Несколько дней, заперевшись с марганцовкой и спринцовкой на хлипкую задвижку в своей комнате, он думал, знала об этом троллейбусная Эвридика или не знала. Может, она пассивная носительница, в детстве вытерлась маминым полотенцем? Ян выходил на кухню, где шелушившая фольгу дорогих конфет Пипа, кудрявая, как Мальвина, немного гордясь своим интеллигентным жильцом, представляла мальчика-после-школы своим сменным районным кавалерам, прося выбирать лексикон. Дымный дух сношал Пипу сигаретой. Выкуренные дети жили в особом дымном городе над Пипой, отчего та постоянно нервничала. С криком — мама, мама, они выпускали дымные сердца и опадали под глухие каблучки хлопьями пепельной фольги. Кавалеры, почему-то все остроносые, как Буратино, доставали выдранный откуда-то гитарный гриф с распяленными струнами, испускали этические серенады, созвучные Яну. Трень-трень! Незнакомочка, Эвридикочка! Ты проходишь красной ни-точкой через жизнь мою, тупым мотивчиком артерии, прошитой чьей-то волей дёрганым стежком-м. А если бо-ли узелочек всё же разорвётся с усилья иль от перегнива тка-ни — то что сшивала нитка, распадё-тся Эдема жухлыми черновика-ми — садовница, по хоженой доро-жке рассеянно оставишь каблучка-ми сквозь жилки ли-стьев красных лунок стро-чку… Задушевные струны пленялись сальной лепниной и глохли. Овечья голова на вертеле — Мальвина, целующаяся с Буратино.

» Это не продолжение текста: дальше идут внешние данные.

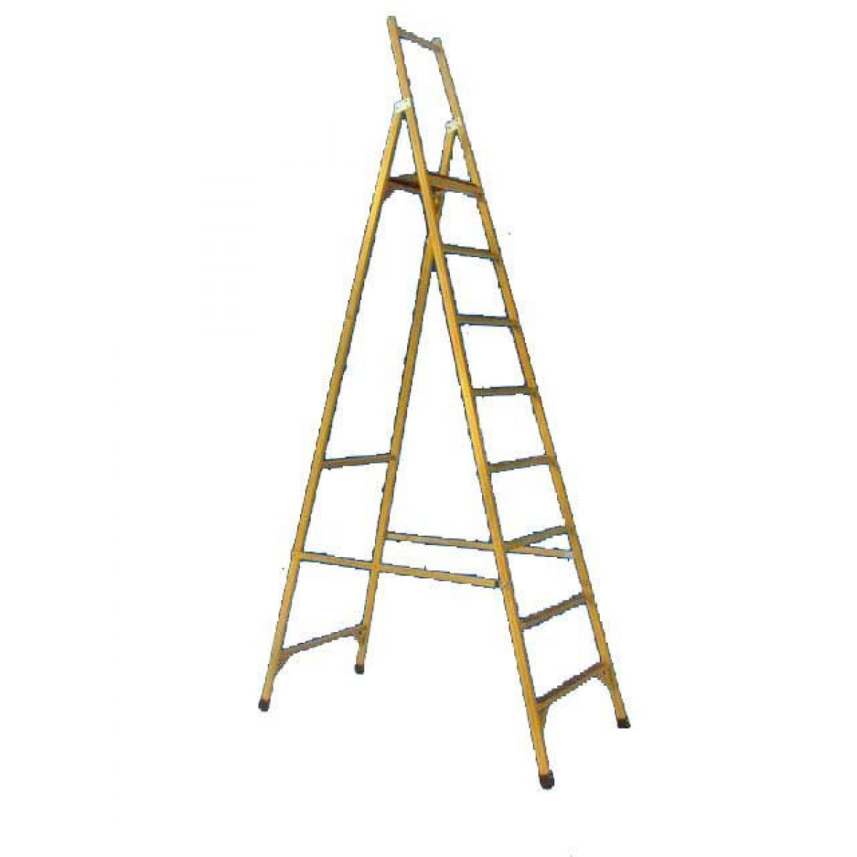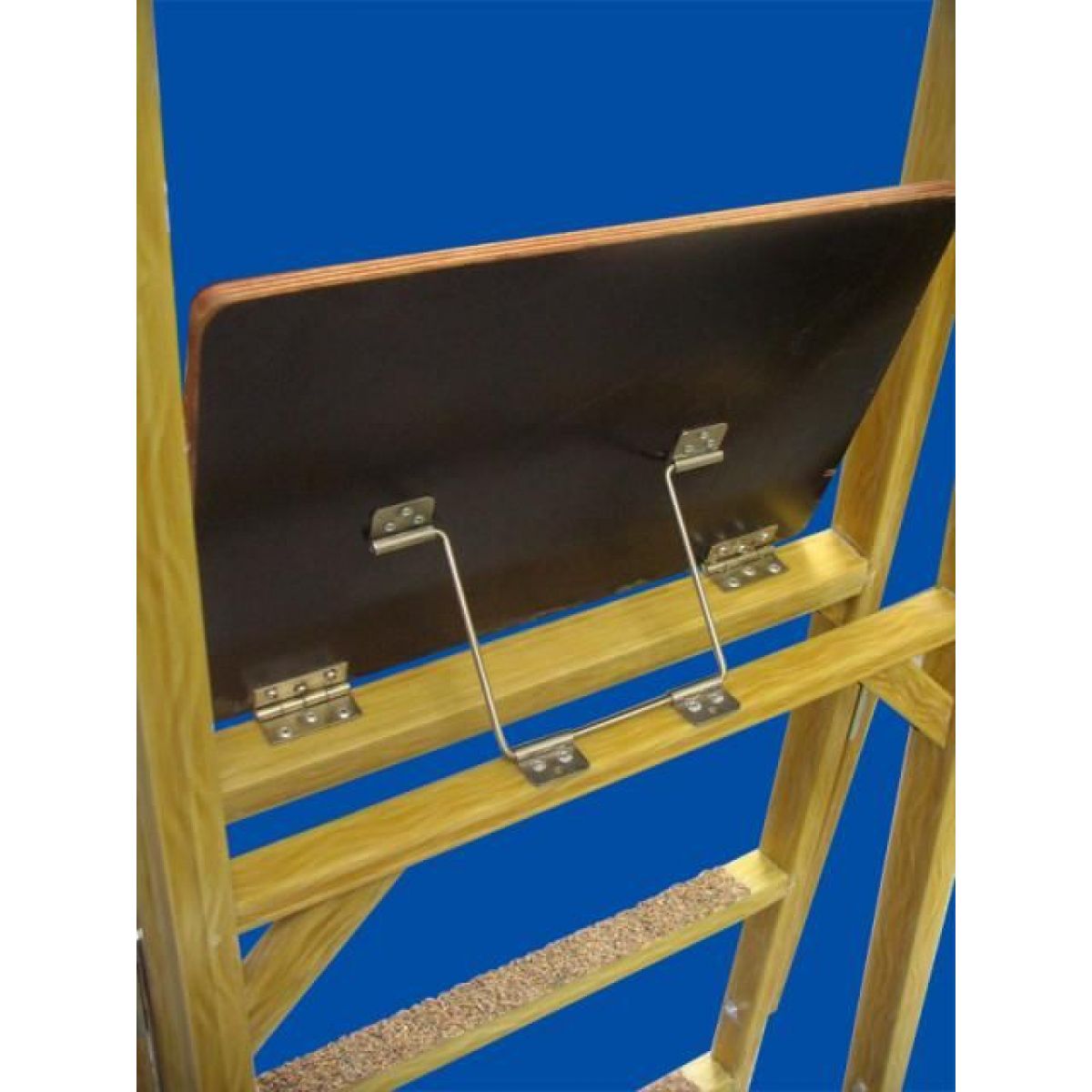 Тетивы лестничной секции удлиненны над рабочей полкой стремянки примерно на 90 см и жестко замкнуты между собой упором для рук.
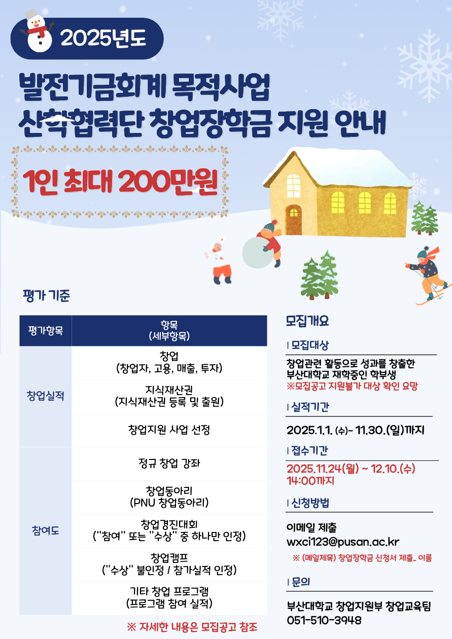 학내 학생들의 창업에 대한 관심 제고와 창업활동 장려를 위하여「산학협력단 창업장학금」을 지원한다고 하니 참고해 주시기 바랍니다.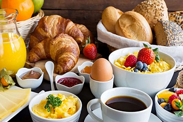 Verse broodjes, koffiekoekjes, brood, confituur, choco, boter, roerei of spiegelei met of zonder spek, diverse soorten beleg, yoghurt, fruitsap, 2 koffie of thee (andere dranken mogelijk mits supplement)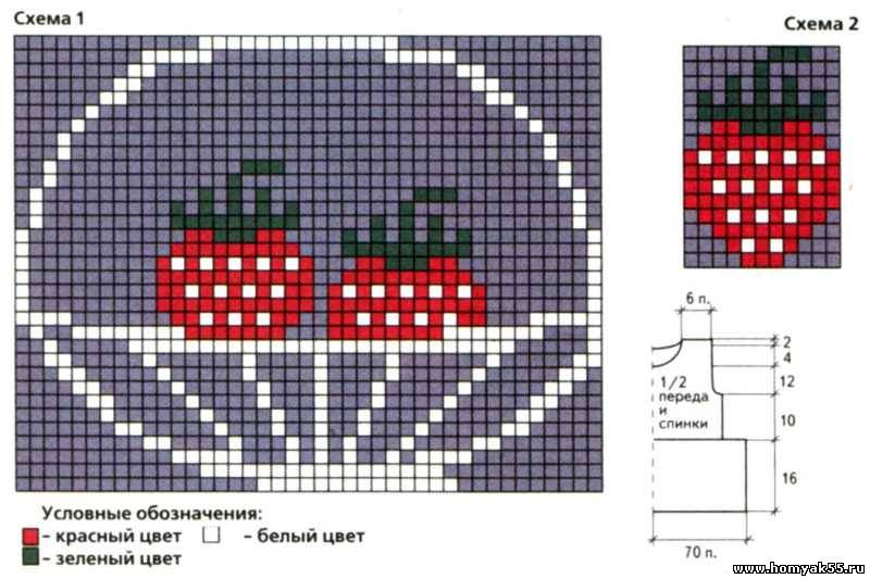 Вышейте на груди корзину с клубничками по схеме 1 (1 клеточка = 1 петля), по спинке и юбочке сарафана вышейте отдельные ягоды клубнички по схеме 2 в произвольном порядке. Выполните швы сарафана Обвяжите крючком белой нитью нижний край, горловину и проймы сарафана одним рядом СБН и 1 рядом «пико». Пришейте на плечики пуговицы, выполните навесные петли.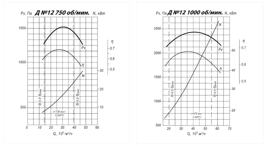 Технические характеристики Дымососы Д №12 , исполнение 1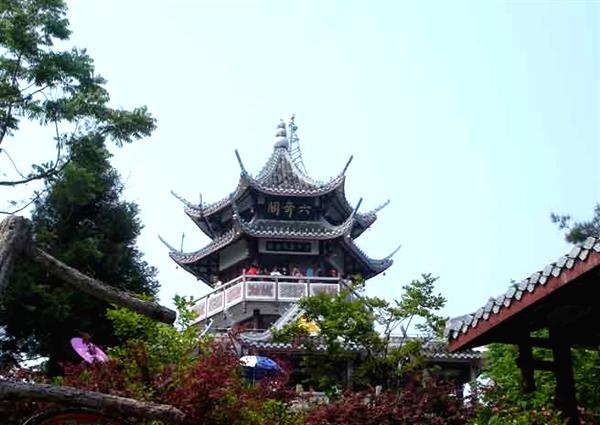 “六奇”是指山奇、水奇、云奇、石奇、動物奇、植物奇!敖搅魟氽E,我輩復登臨”;“欲窮千里目,更上一層樓”。站在閣頂,可以看到袁家界、楊家界、天子山、朝天觀、三姊妹峰……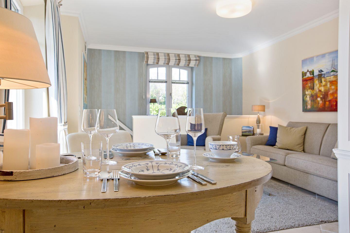 EG: Wertig und sehr geschmackvoll gestalteter Wohnbereich mit gemütlicher Sitzecke, Flat-TV, Radio. Integrierte Luxusküche mit Geschirrspüler, Microwelle und Backofen. Schöne Westterrasse mit Gartenmobiliar (ca. von April–Oktober).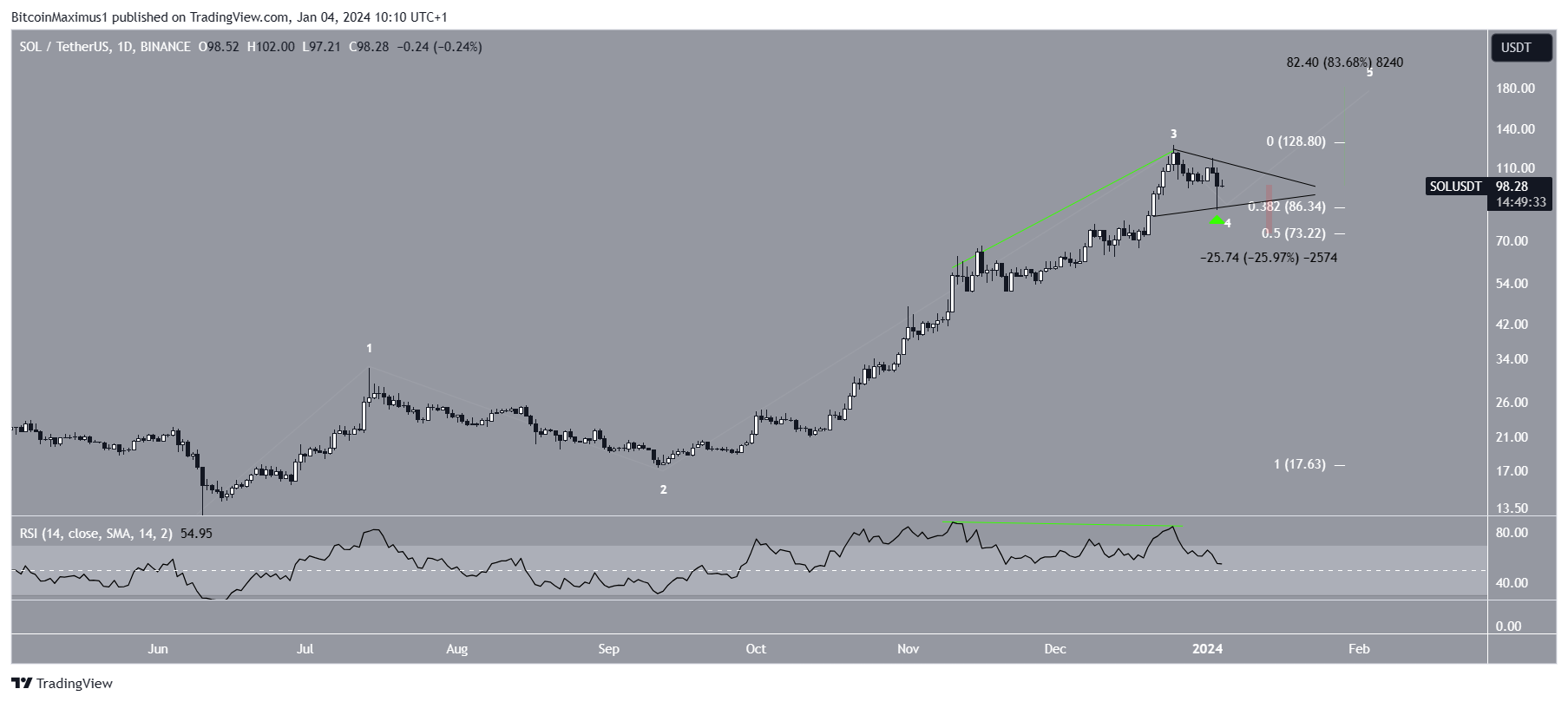 كما يشير العدد الموجي الأكثر ترجيحًا إلى أن سعر سولانا SOL يقع في الموجة الرابعة من حركة صعودية مكونة من خمس موجات (أبيض). ويدعم مؤشر القوة النسبية اليومي هذا الاحتمال حيث تم دمج أعلى مستوى عند 126 دولارًا مع تباعد هبوطي في مؤشر القوة النسبية (الأخضر).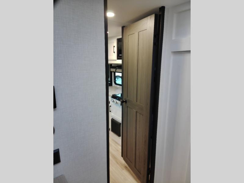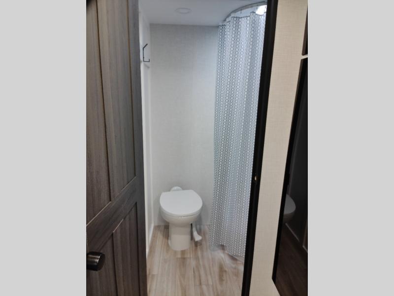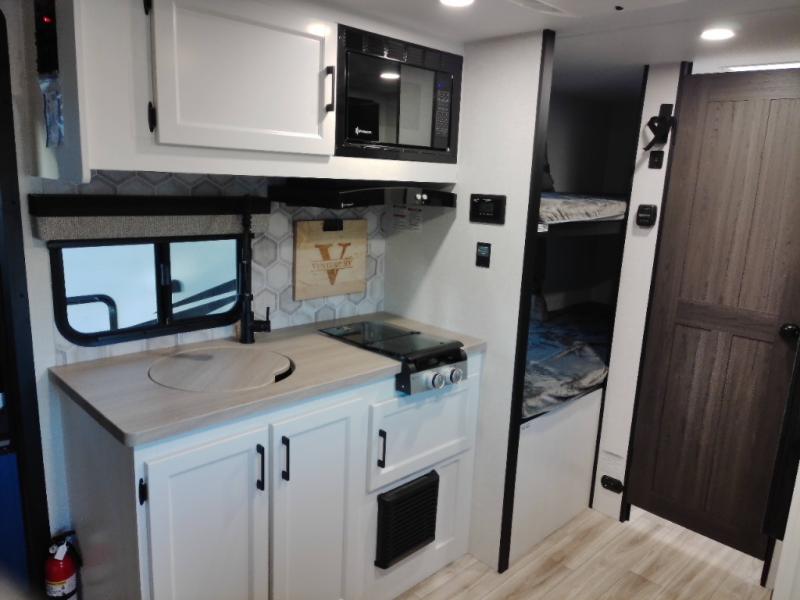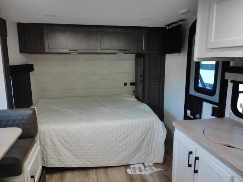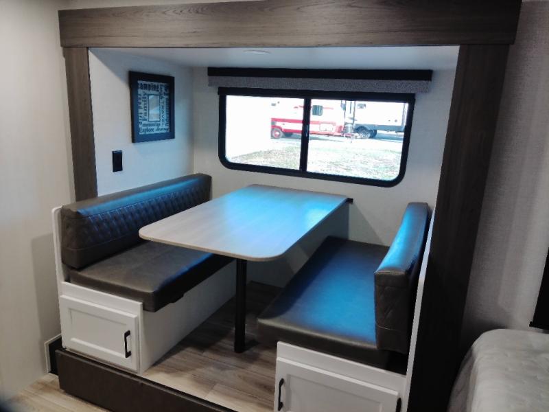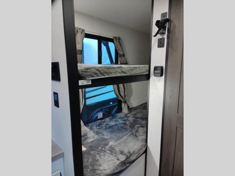 Step inside and you’re welcomed by a comfortable 60" x 75" bed positioned at the front, complete with a wardrobe at the foot of the bed and an overhead cabinet that provides ample storage for all your essentials. Moving toward the center, the kitchen area features a convenient slide-out that creates extra-living space, housing a 64" x 46" Sit N Slide dinette, perfect for meals or gathering around a board game after a day of adventure. Across from the dinette, you’ll find a microwave, a large single-bowl stainless steel undermount sink for easy meal prep, and a nearby 8 cu. ft. refrigerator to keep your groceries fresh. At the rear, the layout is thoughtfully designed with a full bathroom in one corner, featuring a 27" shower so you can skip the campground facilities, while the opposite corner offers two 28" x 74" bunks, giving the kids a cozy place to rest and recharge.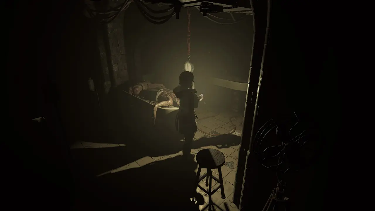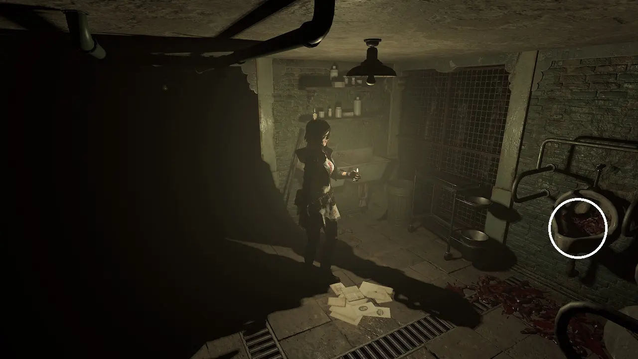 Siga até o final do corredor e vire a direita para encontrar o alçapão que verificamos anteriormente, use o bisturi que coletamos anteriormente para cortar as cordas, desça pela escada e chegaremos em uma nova área.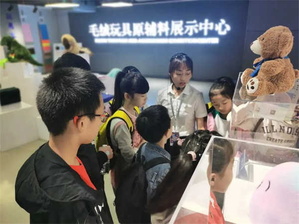 第三站為原輔料研發(fā)生產(chǎn)基地(安貝斯孵化園),孩子可以了解到毛絨玩具產(chǎn)業(yè)鏈的總體知識,并對廠房內(nèi)部進行參觀;第四站為玩具研發(fā)生產(chǎn)基地(恒安玩具工廠),可以依次參觀繡花車間、車縫車間、手縫車間、質(zhì)檢車間,了解毛絨玩具的工藝與生產(chǎn)過程;第四站是毛絨玩具五大中心,在前三站對毛絨玩具了解的基礎(chǔ)上,對毛絨玩具進行總結(jié),之后可以體驗抓娃娃機、扭蛋機、購買毛絨玩具。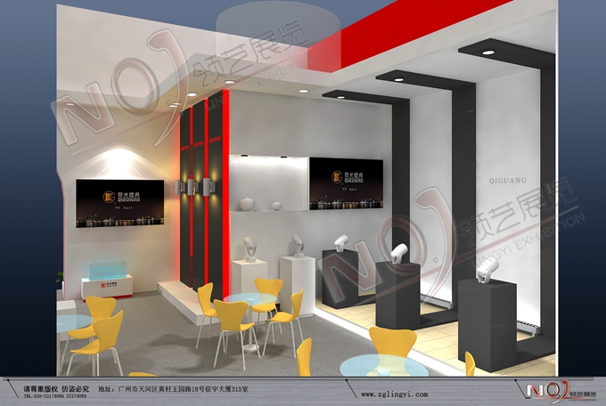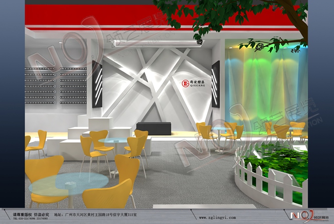 契合奇光的品牌形象和產(chǎn)品特性,采用矩形結(jié)構(gòu),再搭配燈具燈光的效果,襯托出展位時(shí)尚、簡約的氛圍,突出一種現(xiàn)代、活力的時(shí)尚品味。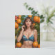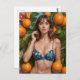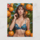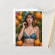 Uma senhora sexy no topo de um biquíni floral segura uma pintura gerada por IA laranja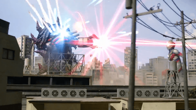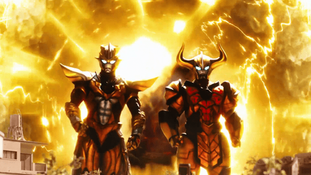 小金人塔爾塔洛斯打開了傳送門,將戴亞博里古送到城市之中。戴亞博里古是歐布劇場版中初登場的機械怪獸,全身都是武器,是一座活著的軍火庫。雖然沒有了棘手的晶化光線,但無數的武器,堅硬的裝甲,依然很難纏。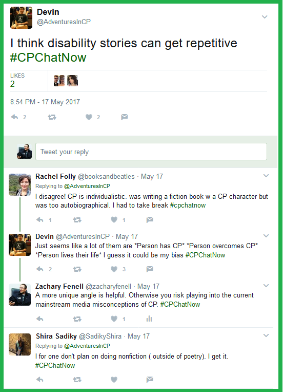 Many interesting topics emerged Wednesday, May 17th, 2017 during the weekly cerebral palsy Twitter chat #CPChatNow. Or at least I, co-host Zachary Fenell, found the subjects intriguing. Go ahead and use this recap to draw your own conclusions.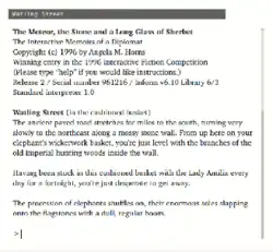 - ^ "2nd Annual Interactive Fiction Competition". Interactive Fiction Competition. 1996. Archived from the original on 2008-04-19. Retrieved 2008-04-08.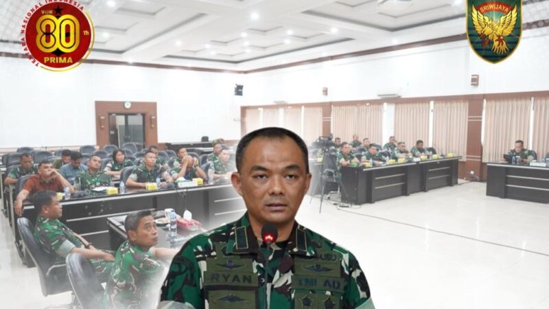 Palembang, Nusantara Media – Asrendam II/Sriwijaya Kolonel Arm Dodot Sugeng Hariadi, S.E., M.A.P., mewakili Pangdam II/Sriwijaya Mayjen TNI Ujang Darwis, M.D.A., memimpin Penutupan Reviu Penilaian Reformasi Birokrasi (RB) Tingkat Kotama TNI AD 2025. Acara berlangsung di Aula A.H. Nasution, Makodam II/Sriwijaya, pada Jumat (3/10/2025).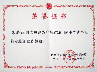我集團(tuán)執(zhí)行總裁朱榮業(yè)先生等廣東省內(nèi)100名創(chuàng)業(yè)先進(jìn)個(gè)人榮獲“廣東省2011創(chuàng)業(yè)先進(jìn)個(gè)人”榮譽(yù)稱(chēng)號(hào)。

— Ничего с ним не случится, не потеряешь, — утробно рассмеялась догадавшаяся обо всём Фуриоза, позвонив узнать, удачно ли были использованы её постельные дензнаки. — Его потерять невозможно, скорее тело потеряешь. Этот клинышек человеков в глине выписал, слабую и сильную половины. Прострочил жилками, за которые наше трепетное сердце по самый кончик его втягивает, вытягивая его у вас, созданий со спокойным сердцем. — Спокойным?! Даже кожа, ступни у Яна стали чувствительнее, саднили, тело податливо обмякло. В сумеречном состоянии, задыхаясь — опустились грудь и мозги — Ян в ужасе ощущал липкую загадочность. Фуриоза, впрочем, вскоре прислала Яну ящичек с пенициллином. Его Ян и проколол себе в попу, оставляя синяки, стерилизуя шприц кипятильником, ближайшие две недели почти не выходя из комнаты даже на пипину кухню. За это время там происходили перемены. Серенадные кавалеры один за другим были вытеснены хриплым туберкулёзником с цементного завода. Он приходил ночью, кашлял цементом, матерился, а перед уходом на смену выходил на балкон плевать на прохожих. Вечерами Пипа прислушивалась к лифту в раздолбанной прихожей, была бита и, распластанная прямо на полу, плакала. Ян стоял у своей комнатной двери, за которой локтями и коленями по полу стучала плачущая Пипы, и думал, куда же делось его рыцарство. Ведь он же был рыцарем в Южной Мангазее. С каждым днём Пипа бледнела и худела. До сих пор она жила припеваючи передком, а не задком, который цементник усердно накачивал цементом. Забыв про былые церемонии, она пожаловалась Яну на рвоту, она не может кушать, сходить в туалет, потому что цементник замуровал её сзади. Ей что-то ударило в голову. Пипа размазывала по голому телу румяна и губную помаду, говорила что это цирковое трико, выбегала в таком виде на балкон, раскидывала руки и говорила, что ей не нужно есть и она ждёт гостей, воздушных солнцеедов. Ян вспомнил, что историю про окрашенных людей, питающихся солнечным излучением, он слышал от Робсона в Юмее. Негр рассказывал, что над Москвой живёт племя воздушных канатоходцев, никогда не спускающихся на землю. Это потомки нескольких убежавших от сталинских репрессий. Они живут, занимаются любовью на канатах, протянутых между сталинскими высотками, рожают в метеорологических комнатках в звёздах, установленных на шпилях. Иногда небесные циркачи спускают спасительные ниточки к окнам, за которыми замечают отчаявшихся.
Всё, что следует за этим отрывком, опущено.